Master, we want to believe that you have the power to care for us and move us beyond our storms. Master, can you help us hear you and see you?

Sometimes it is literally the rainbow in the sky that almost always makes people pause and try to capture that picture. Master, help us to capture anew why the rainbow is there. So when we are surrounded by people who are like loud winds of discord, like waves trying to drown our spirits by telling us you send storms to judge and punish, help to remember you are not the master of our destruction or anyone else’s. You love all you have made.

Sometimes we see God in other people. It might be those trying desperately to save us in storms, using their God given gifts to help us live through and live anew.

Meteorologists and scientists and broadcasters and responders and volunteers who bring aid. Master, help us see you in them, and see through their work how much you long to protect and restore your beloved world. Help us to see how much you hurt when we struggle and when we do not listen to the words of life that allow us all to keep from sinking.

Sometimes we are the reflection someone else needs in their storm even when it is hard for us to want to love, or when we feel nervous or unsure. Master, there is no boat in this life where we are sailing alone. I see that in my journey with the storms of dementia in my Dad’s life. Often easygoing, he sometimes see the world through a chaos that I don’t see but which are very real for him. One day he was experiencing a storm of anxiety and his very long legs and arms were flailing in his wheelchair as he was confused and calling out. It was hard to not fear being an accidental casualty with the flailing, but Jesus was in this boat and I placed a hand on his shoulder and looked at him and said, “Dad, I love you.” Still fear and flailing. “Dad…Dad…I LOVE you.” A little calmer. “Dad..” I looked him right in the eyes now on his level. And quietly said, “I Love You, Dad.” And the storm stopped.

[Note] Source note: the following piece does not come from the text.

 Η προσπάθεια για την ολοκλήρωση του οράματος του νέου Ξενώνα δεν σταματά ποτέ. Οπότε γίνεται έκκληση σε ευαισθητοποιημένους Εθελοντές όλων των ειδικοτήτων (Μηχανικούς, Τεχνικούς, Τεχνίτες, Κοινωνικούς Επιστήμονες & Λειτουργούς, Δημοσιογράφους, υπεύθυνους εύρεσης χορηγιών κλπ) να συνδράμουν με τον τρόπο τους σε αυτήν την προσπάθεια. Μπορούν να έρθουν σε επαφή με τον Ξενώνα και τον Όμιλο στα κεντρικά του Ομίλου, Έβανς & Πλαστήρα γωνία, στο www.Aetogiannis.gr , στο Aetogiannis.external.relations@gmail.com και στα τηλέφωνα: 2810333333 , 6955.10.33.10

I turned away for a moment only to hear this small voice say, “ I really do love you too.”

And are there not times that this is our storm experience too? Flailing or anxious, hoping and doubting, unsure or confused, calling out and hoping to experience our Master in the storm? Truth is, there with my Dad in the upheaval, it was my storm too. Maybe in realizing that lots of us are in storms we can become “I love you” people for each other that Jesus uses to master what we face. That’s what happened in the parking lot in the rain. We loved each other through it. It doesn’t mean there won’t be storms. But we have a loving Master who wants to help us master storms together.

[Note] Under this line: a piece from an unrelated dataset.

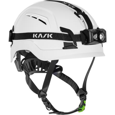 KL-2 otsavalaisinklipsi työkypärään (WAC00065-). Tämän avulla valaisin saadaan helposti kiinnitettyä työkypärän etukoloon, ja mahdollistetaan samaan myös kypärään kiinnitetyn visiirin sujuva käyttäminen.

Master, we sure do need you. Help us to see you leading us in the storms, through the storms, after storms to live anew. Help us to believe you are also God of rainbows now and for all time.

AMEN

Copyright Rev. Carolyn K. Hetrick, 2025 All rights reserved.  May not be reproduced in whole or in part without written permission.

Sermon Texts: Revelation 4:1-8

Luke 8:22-25
22 One day he (Jesus) got into a boat with his disciples, and he said to them, “Let us go across to the other side of the lake.” So they put out, 23 and while they were sailing he fell asleep. A windstorm swept down on the lake, and the boat was filling with water, and they were in danger. 24 They went to him and woke him up, shouting, “Master, Master, we are perishing!” And waking up, he rebuked the wind and the raging waves; they ceased, and there was a calm. 25 Then he said to them, “Where is your faith?” They were terrified and amazed and said to one another, “Who then is this, that he commands even the winds and the water and they obey him?”